**DATA RECORDS**
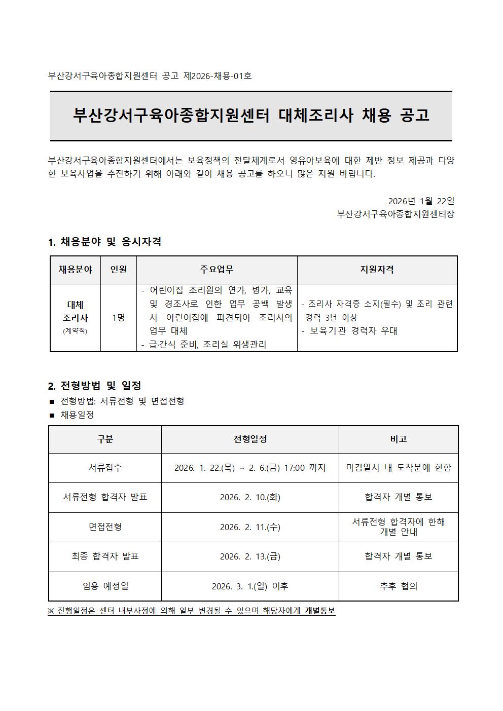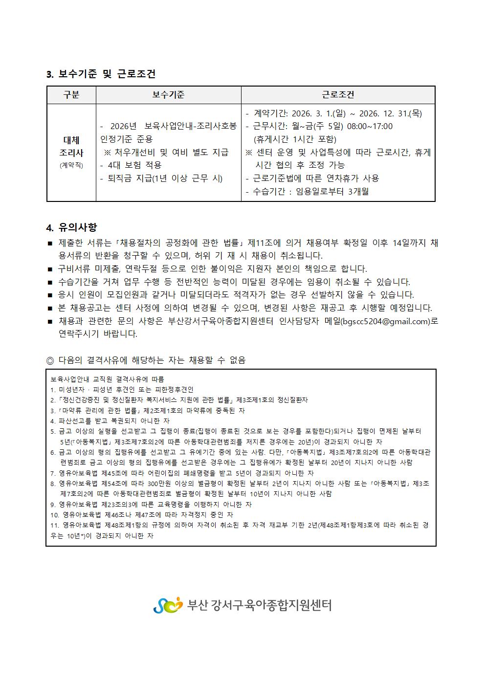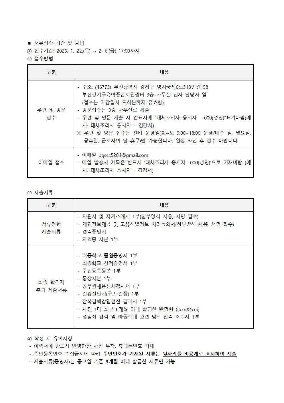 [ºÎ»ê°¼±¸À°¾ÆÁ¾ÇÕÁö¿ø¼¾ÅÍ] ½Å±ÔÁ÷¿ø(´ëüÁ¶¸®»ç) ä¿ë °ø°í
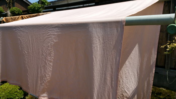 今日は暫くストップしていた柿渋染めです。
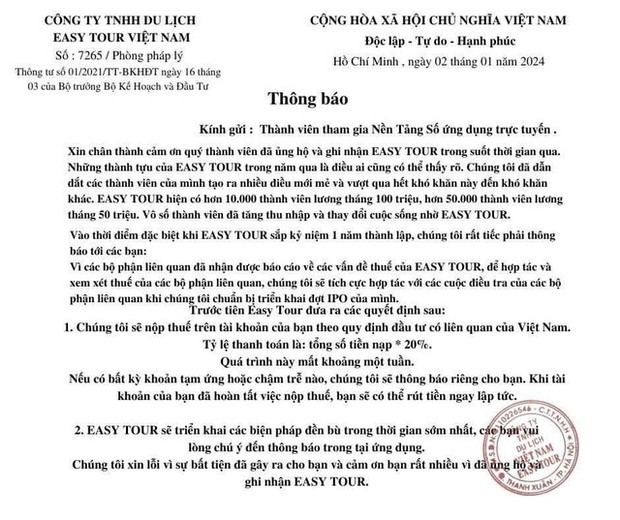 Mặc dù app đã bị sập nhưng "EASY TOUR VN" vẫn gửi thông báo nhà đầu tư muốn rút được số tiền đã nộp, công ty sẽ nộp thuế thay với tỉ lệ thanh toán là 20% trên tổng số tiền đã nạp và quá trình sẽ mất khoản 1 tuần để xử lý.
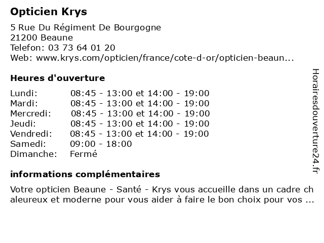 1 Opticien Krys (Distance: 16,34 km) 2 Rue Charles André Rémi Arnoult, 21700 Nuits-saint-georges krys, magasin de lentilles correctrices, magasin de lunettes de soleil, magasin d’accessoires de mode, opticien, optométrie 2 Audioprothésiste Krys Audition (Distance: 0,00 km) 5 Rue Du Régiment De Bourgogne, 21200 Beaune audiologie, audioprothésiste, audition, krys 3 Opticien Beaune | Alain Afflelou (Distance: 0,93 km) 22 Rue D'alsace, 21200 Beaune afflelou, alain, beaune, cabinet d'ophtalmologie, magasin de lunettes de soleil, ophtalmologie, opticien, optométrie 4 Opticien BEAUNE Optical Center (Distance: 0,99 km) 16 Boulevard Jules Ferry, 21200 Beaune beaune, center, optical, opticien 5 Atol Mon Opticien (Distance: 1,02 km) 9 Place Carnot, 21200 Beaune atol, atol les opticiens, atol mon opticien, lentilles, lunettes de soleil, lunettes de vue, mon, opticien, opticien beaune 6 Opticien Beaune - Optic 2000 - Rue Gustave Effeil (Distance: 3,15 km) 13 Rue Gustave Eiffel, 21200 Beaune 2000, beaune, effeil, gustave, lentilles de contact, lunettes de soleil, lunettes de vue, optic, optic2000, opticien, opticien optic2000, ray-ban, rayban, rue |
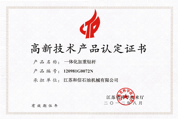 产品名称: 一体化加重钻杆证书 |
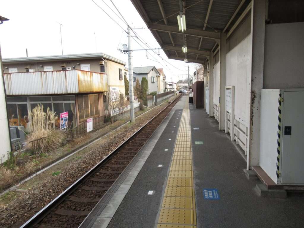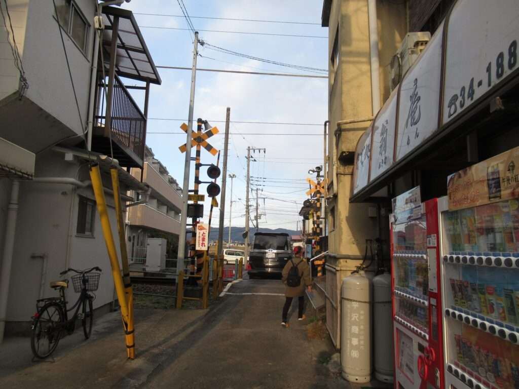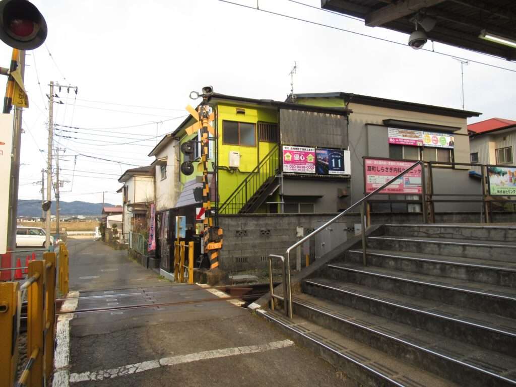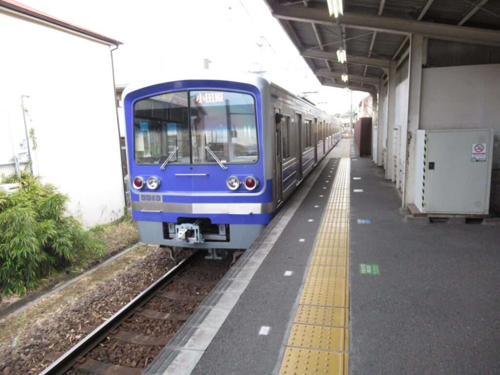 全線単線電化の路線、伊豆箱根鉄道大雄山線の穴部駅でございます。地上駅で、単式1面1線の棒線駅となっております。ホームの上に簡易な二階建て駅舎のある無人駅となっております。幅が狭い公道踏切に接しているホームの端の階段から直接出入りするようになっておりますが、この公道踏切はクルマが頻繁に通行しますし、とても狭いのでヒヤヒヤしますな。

**PROMPT**
Leaving out every picture, repeat exactly the lines of the records from the start through the line that has "Mặc dù app đã".

**OUTPUT OF THE TASK**
 [ºÎ»ê°¼±¸À°¾ÆÁ¾ÇÕÁö¿ø¼¾ÅÍ] ½Å±ÔÁ÷¿ø(´ëüÁ¶¸®»ç) ä¿ë °ø°í
 今日は暫くストップしていた柿渋染めです。
 Mặc dù app đã bị sập nhưng "EASY TOUR VN" vẫn gửi thông báo nhà đầu tư muốn rút được số tiền đã nộp, công ty sẽ nộp thuế thay với tỉ lệ thanh toán là 20% trên tổng số tiền đã nạp và quá trình sẽ mất khoản 1 tuần để xử lý.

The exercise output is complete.